Ideophones generally have highly specific, holistic, multisensorial meanings, as suggested by their multiword translations used in this paper (Akita, Reference Akita2012; Iida & Akita, Reference Iida, Akita, Goldwater, Anggoro, Hayes and Ong2023; Nuckolls, Reference Nuckolls, Akita and Pardeshi2019). Therefore, it might be that the relationship between prosody and ideophones’ semantic properties can be captured more intuitively in terms of specific voice quality categories, such as falsetto and creaky voice, at least more so than general prosodic features, such as f0 and intensity. The relationship between ideophones and specific voice qualities will be further explored in Experiment 3, after testing the sound-symbolic significance of pitch, intensity and duration in perception in Experiment 2.
4. Experiment 2: Perceived meaning of f0, intensity and duration
Experiment 1 demonstrated that Japanese speakers can utilize iconic prosody to highlight the meaning of ideophones. Considering that production experiments generally have a high degree of freedom, the iconic effects of each prosodic feature may manifest themselves in a clearer fashion in perception experiments. To this end, Experiments 2 and 3 examined whether Japanese speakers use iconic prosody in understanding ideophones.
4.1. Method
4.1.1. Participants
A total of 50 monolingual speakers of Japanese (female: 26; male: 24; age: 22–62; M = 42.04; SD = 9.19) were recruited on CrowdWorks. None of them participated in Experiment 1. They were paid 300 JPY for their participation.
4.1.2. Stimuli
The same set of 20 simple ideophone sentences as Experiment 1 was used, but this time without IDS-like expressions, such as papa ‘dad’, Pengin-san ‘Mr. Penguin’ and the sentence-final particle -ne, which conveys ‘a soft tone of voice’. The first author, who is a male native speaker of Japanese, pronounced all ideophones in eight (2 x 2 x 2) distinct prosodic patterns: high (M = 145.10 Hz, SD = 5.16) versus low f0 (M = 118.86 Hz, SD = 2.99), high (M = 66.99 dB, SD = 1.83) versus low intensity (M = 63.04 dB, SD = 1.51) and long (M = 0.57 s, SD = 0.03) versus short duration (M = 0.42 s, SD = 0.02). Long pronunciation involved an extra-long V2, as in pukaaaQ, a strategy that is commonly found in the emphatic usage of ideophones. The same recording of the non-ideophonic part of each sentence, which was pronounced in normal tones, was used for all eight pronunciations of each ideophone. All the sound files are available at the project’s OSF repository mentioned above.
The sentences were presented in a random order, one sentence per page, on Google Forms, but the order of the eight audio files, labeled ‘A’ to ‘H’, was fixed due to the technical limitations of the platform: A: high f0–high intensity–long duration; B: high–high–short; C: high–low–long; D: high–low–short; E: low–high–long; F: low–high–short; G: low–low–long; and H: low–low–short.
4.1.3. Procedure
The participants were instructed to wear headphones or earphones and perform the task alone in a quiet environment.
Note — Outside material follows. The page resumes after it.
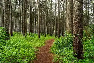 The Ngwo Pine Forest is a pine forest located in Ngwo, Enugu, Nigeria.[1] The forest is a large stretch of land with tall pine trees. It features a limestone cave and a waterfall, and is used as a recreational area, bolstering the socioeconomic development in the Enugu State.[2][3]
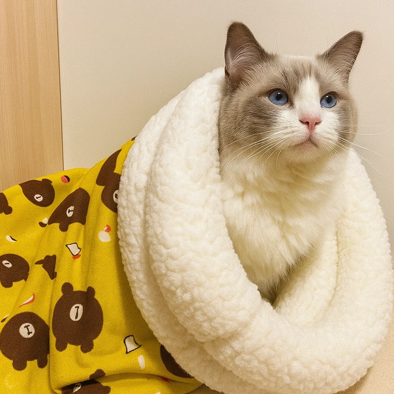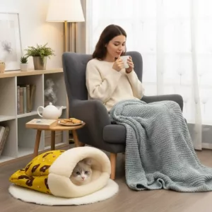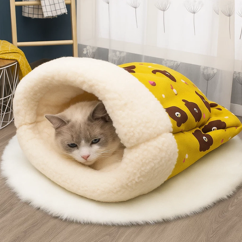 Denne kosesekken gjør det lett for katten min å ta en lur hele dagen. Pelsen inni er supermyk, og det søte designet ser nydelig ut i stua vår.

They were also instructed to listen to each recording as many times as they liked and choose the most suitable (or, if all sounded unnatural, most acceptable) pronunciation, from A to H, for the sentence.
4.1.4. Analysis
Separate Bayesian logistic regression models were fit for f0 (high [A, B, C, D] versus low [E, F, G, H]), intensity (high [A, B, E, F] versus low [C, D, G, H]) and duration (long [A, C, E, G] versus short [B, D, F, H]). The two mean semantic ratings (speed and pleasantness) for the ideophones, initial voicing and V2 were included as fixed effects, a random intercept of participant as well as random slopes for the two semantic ratings, initial voicing and V2. We used default weakly informative priors for the intercept and group-level SDs. In the f0 model, four MCMC chains were run with 5,000 iterations each, of which the first 4,000 were discarded as warm-ups. In the intensity and duration models, four MCMC chains were run with 3,000 iterations each, of which 2,000 iterations were warm-up iterations. Convergence was assessed via R-hat statistics (R-hat values = 1.00) and visual inspection of trace plots. The other details are identical to those in Experiment 1. See the R Markdown file for further details.
4.2. Results
In general, we observe those patterns that accord well with the overall results of Experiment 1. Figure 7 shows the proportions of high- and low-frequency choices for each ideophone. High f0 was preferred for ideophones with initial voiceless obstruents, which generally represent fast and pleasant motion, such as pyokoQ ‘a little frog hopping once’, and low f0 was preferred for those with initial voiced obstruents, which represent slow and unpleasant motion, such as goroQ ‘a heavy object rolling once, lying down’.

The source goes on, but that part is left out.